Commenting on the passage, Pope Francis said bread is a basic necessity needed for survival, especially by the hungry who “do not ask for refined and expensive food, they ask for bread.”

“Jesus reveals himself as bread, that is, the essential, what is necessary for everyday life; without him nothing works,” the pope said. “He is not one bread among many others, but the bread of life,” he said.

Without Christ, he added, Christians could only “get by” because he is the only one who can nourish their souls and only he “forgives us from that evil that we cannot overcome on our own.”

“He alone makes us feel loved, even if everyone else disappoints us; he alone gives us the strength to love and, he alone gives us the strength to forgive in difficulties; he alone gives that peace to the heart that it is searching for; he alone gives eternal life when life here on earth ends. He is the essential bread of life,” the pope said.

The culmination of Jesus’ mission as bread for all is revealed at the Last Supper, when Jesus knows that God “is asking him not only to give food to people, but to give himself, to break himself, his own life, his own flesh, his own heart so that we might have life,” the pope continued.
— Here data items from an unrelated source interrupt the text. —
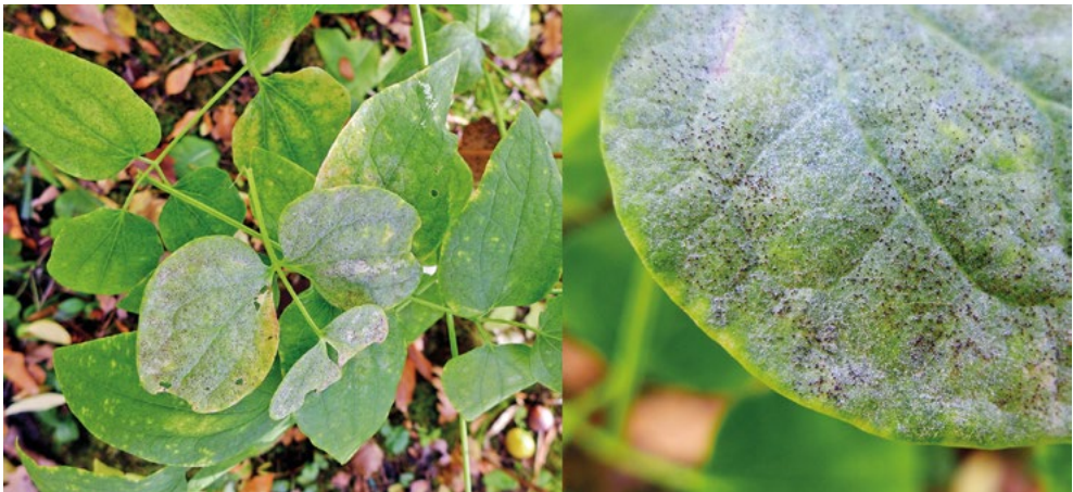
Abb. 9: Weißliches Myzel und zahlreiche kleine dunkle Fruchtkörper von Erysiphe aquilegiae var. ranuoculi auf der Oberseite von Clematis recta -Blättern. li: Habitus, re: Detail der Fruchtkörper.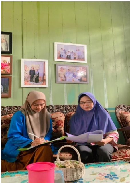
Gambar 4. Wawancara dengan Wakil Ketua Forum Kewaspadaan Dini Masyarakat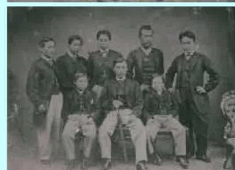
薩摩藩英国留学生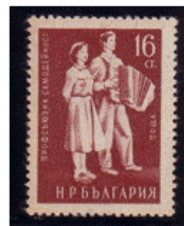
Trachtenpaar mit Akkordeon

Dez. 1953 - Mi.Nr. 898-899 Amateurtheater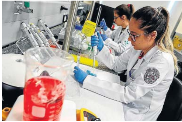
Un equipo de investigadoras desarrollando una vacuna.

Desde que la Covid-19 cambió nuestra forma de vivir, una de las grandes preguntas ha sido: ¿cuánto tiempo dura la inmunidad? Al principio se hablaba de un 'pasaporte' de tres meses; más tarde parecía que menos, según reveló la tercera oleada del estudio de seroprevalencia llevado a cabo en España; hace un mes, otro trabajo volvió a arrojar esperanza y apuntaba a al menos siete meses. Ahora, una nueva investigación, la más ambiciosa hasta la fecha en este campo —según los autores—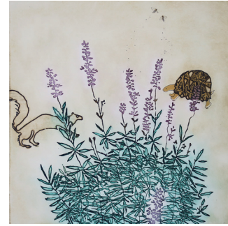
鶴留尚子 Si je partage ta langue もし君と言葉を分かち合うなら・・・ 40×40cm

[返選先] ISETAN MITSUKOSHI HOLDINGS 〒104-8212 東京都中央区銀座4-6-16 銀座三越内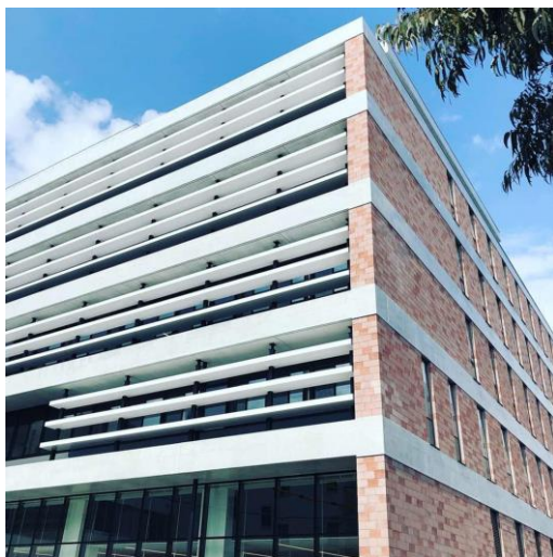
▲桃色レンガをイメージした外観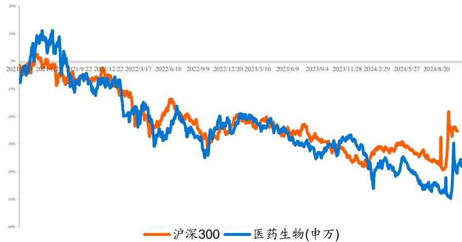
图1：医药行业 2021 年初至今（2025 年 1 月 17 日）市场表现

本周、年初至今 A 股医药指数涨幅分别为 2.67%、-3.84%，相对沪深 300 的超额收益分别为 0.53%、-0.73%；本周、年初至今 H 股生物科技指数涨跌幅分别为 2.19%、-3.28%，相对于恒生科技指数跑赢-2.94%、-3.53%；A 股医药本周医疗器械本周生物制品（+3.19%）、医疗器械（+3.08%）及化学制药（+2.84%）等股价涨幅较大，医疗服务（+2.18%）、中药（+2.08%）及医药商业（+1.72%）等股价涨幅较小；本周 A 股涨幅居前大博医疗（+21.74%）、锦好医疗（+21.34%）、常山药业（+18.88%），跌幅居前 *ST 普利（-15.63%）、康为世纪（-14.19%）、九典制药（-11.23%）；本周港股涨幅居前和铂医药（+19.50%）、百济神州（+13.40%）、腾盛博药（+11.93%），跌幅居前来凯药业（-20.40%）、云顶新耀（-15.01%）、科迪-B（-13.38%）。涨跌表现特点：本周大小市值个股均出现普涨，但小市值个股涨幅更加明显。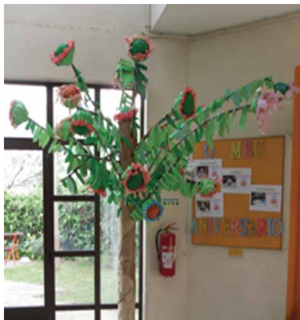
imagem_appacdm_primavera nas pedralvas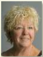
Regie und Produktionsleitung: Ruth Grossenbacher

Gelingt nun wirklich die Überführung mit Hilfe eines versteckten Mikrofons?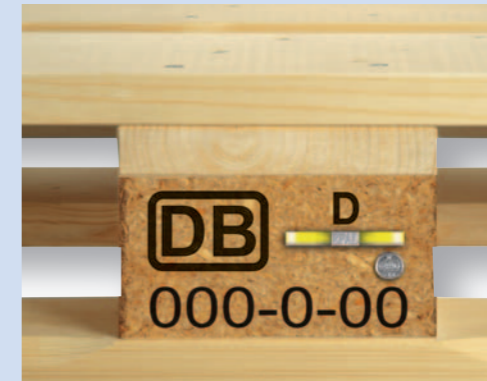
Mittig das Brandzeichen einer europäischen Bahngesellschaft, Land, Herstellercode-Jahr-Monat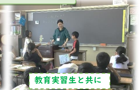
教育実習生と共に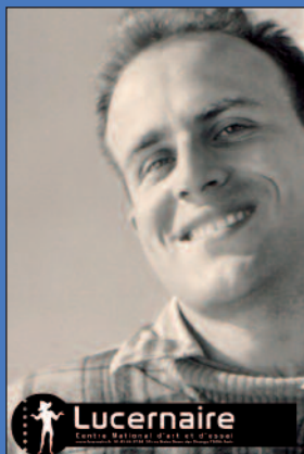
BORIS VIAN JUSTE LE TEMPS DE VIVRE BOURGEAT / JACOPIN LUCERNAIRE

du 12 janvier au 27 février 2010 01 45 45 49 77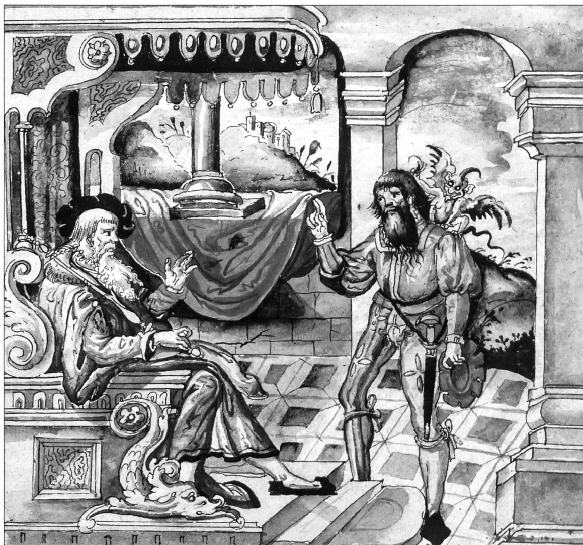
Eidesleistung vor dem Twingherrn.

Folgenden wiedergegeben. Die Titel und die Bestimmungen werden möglichst originalgetreu (Kursivschrift) angeführt, wobei einige Begriffserklärungen in Klammern eingefügt werden. Das Übrige sowie der Kommentar dazu erfolgen in Normalschrift. Einige der Vorschriften sprechen für sich, sie bedürfen keines Kommentars. Die bei Nichtbeachtung der Gebote und Verbote angedrohten Strafen sowie die Regelung, wem diese Strafgeelder gehörten, sind Vorschriften, deren Aufnahme in die Twingordnung zweifellos in erster Linie die Twingher-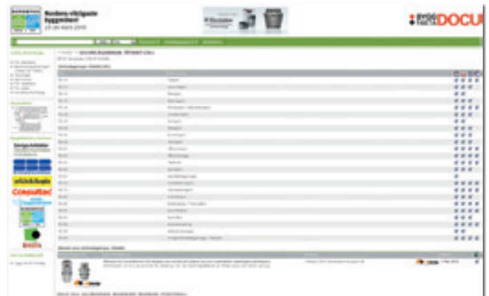
Redan nu finns alla utställare på http://nordbygg.byggfaktadocu.se .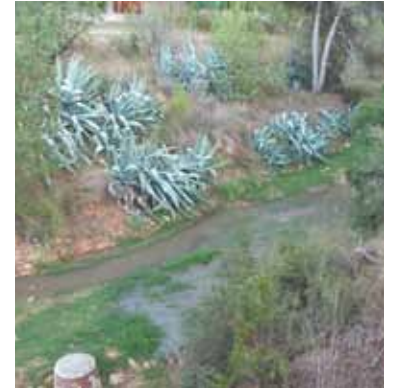
Aguas fecales en el barranco PAD

Vecinos de La Canyada han mostrado sus quejas por la acumulación de aguas fecales que se produce en el barranco de la Font, en la parte que no está urbanizada. Según sus denuncias, aunque ahora se encuentra limpio, con frecuencia se producen desbordamientos de una de las grandes tuberías de La Canyada que pasa por la zona. “A mediados de noviembre es la última vez que ha estado inundado durante dos semanas. Pasa con relativa frecuencia y la zona está muy descuidada”, destacan los vecinos.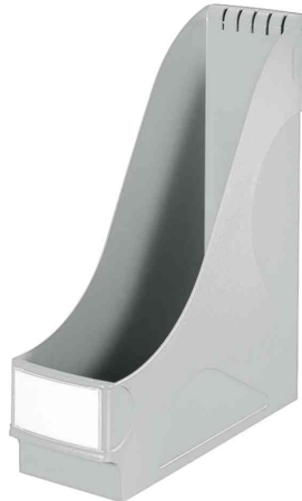
Stehsammler extrabreit, grau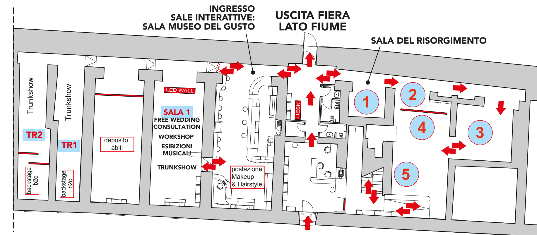
INGRESSO FIERA Via delle Caserme, 24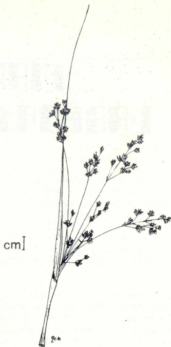
SIMAR - Juncus maritimus Il-parti ta' fuq taz-zokk tal-fjuri. Pjanta minn Marsaxlokk

L-għadira mielħa hija ambjent li fil-Gzejjer taġġna qiegħed jinqered. L-akbar waħda u l-aktar importanti, dik tal-Marsa, ġa ġiet megruda bosta snin ilu (mill-1861 'il quddiem) u ħafna f'hejje li kienu magħrufa li jinstabu hemm issa spicċaw.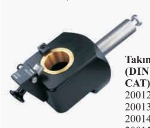
Takım Tutucu SK (DIN / MAS-BT / CAT) 200120 SK / ISO 20 200130 SK / ISO 30 200140 SK / ISO 40 200150 SK / ISO 50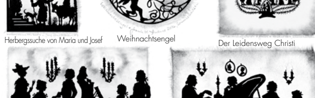
Herbergssuche von Maria und Josef Weihnachtsengel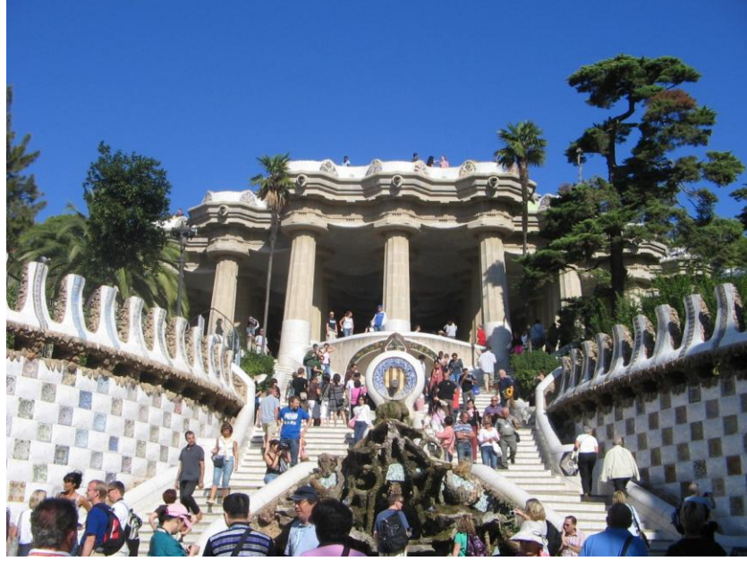
Resim 4.2. Park Güell- Gaudi /BARCELONA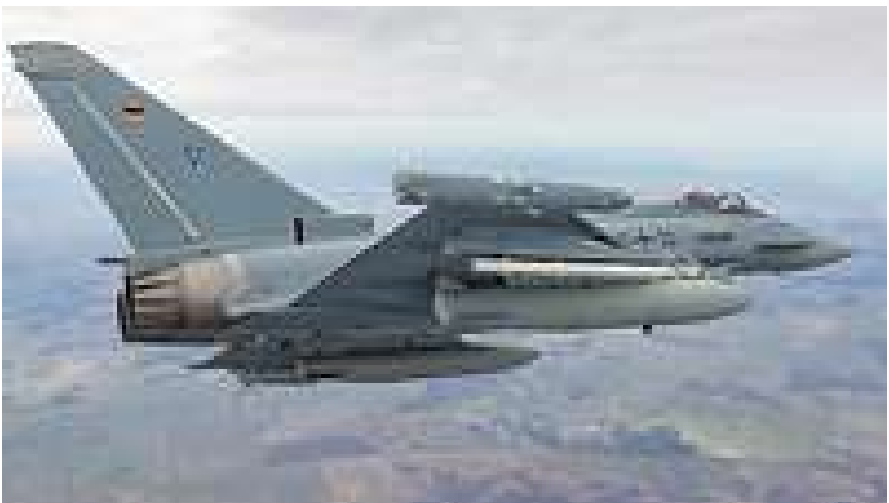
A Eurofighter from Tactical Air Wing 73 "Steinhoff" in Laage during a ferry flight

The Eucharist, Pope Francis said, should reawaken in Christians the amazement of God’s love for humanity and should be expressed through the adoration of the Blessed Sacrament.

And, he said, before meals, “it would be lovely, before breaking bread, to invite Jesus, the bread of life, to ask him simply to bless what we have done and what we have failed to do. Let us invite him into our home; let us pray in a ‘domestic’ style. Jesus will be at the table with us and we will be fed by a greater love.”